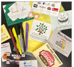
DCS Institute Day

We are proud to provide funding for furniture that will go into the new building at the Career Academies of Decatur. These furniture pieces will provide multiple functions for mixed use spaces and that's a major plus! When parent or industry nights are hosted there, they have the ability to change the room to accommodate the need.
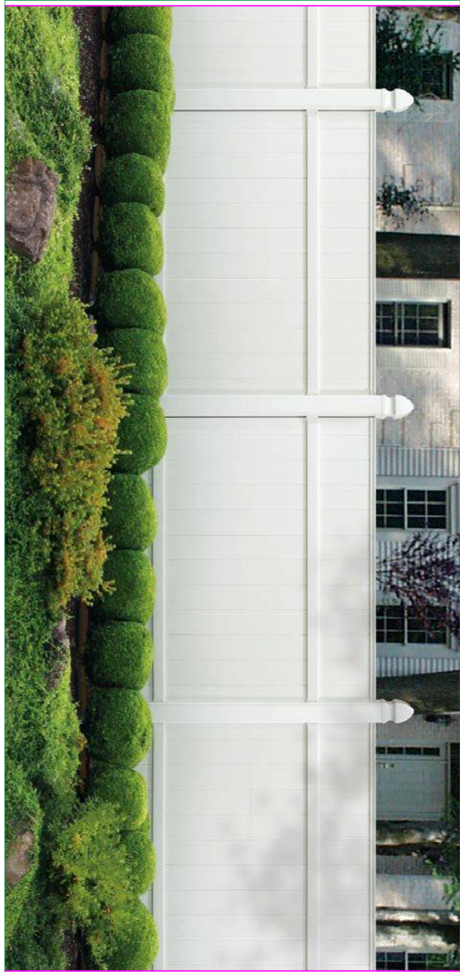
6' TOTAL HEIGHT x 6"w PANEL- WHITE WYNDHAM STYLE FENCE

...

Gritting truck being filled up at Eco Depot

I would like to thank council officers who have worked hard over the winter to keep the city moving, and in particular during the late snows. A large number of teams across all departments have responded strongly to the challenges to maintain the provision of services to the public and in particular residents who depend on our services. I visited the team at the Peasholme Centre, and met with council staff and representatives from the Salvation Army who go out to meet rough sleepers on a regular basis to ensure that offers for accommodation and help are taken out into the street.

§ Required action:
In the data above, take the line with "DCS Institute Day", the line with "6' TOTAL HEIGHT", and every line between, and set them down exactly without pictures.

§ Answer for this exercise:
DCS Institute Day

We are proud to provide funding for furniture that will go into the new building at the Career Academies of Decatur. These furniture pieces will provide multiple functions for mixed use spaces and that's a major plus! When parent or industry nights are hosted there, they have the ability to change the room to accommodate the need.
6' TOTAL HEIGHT x 6"w PANEL- WHITE WYNDHAM STYLE FENCE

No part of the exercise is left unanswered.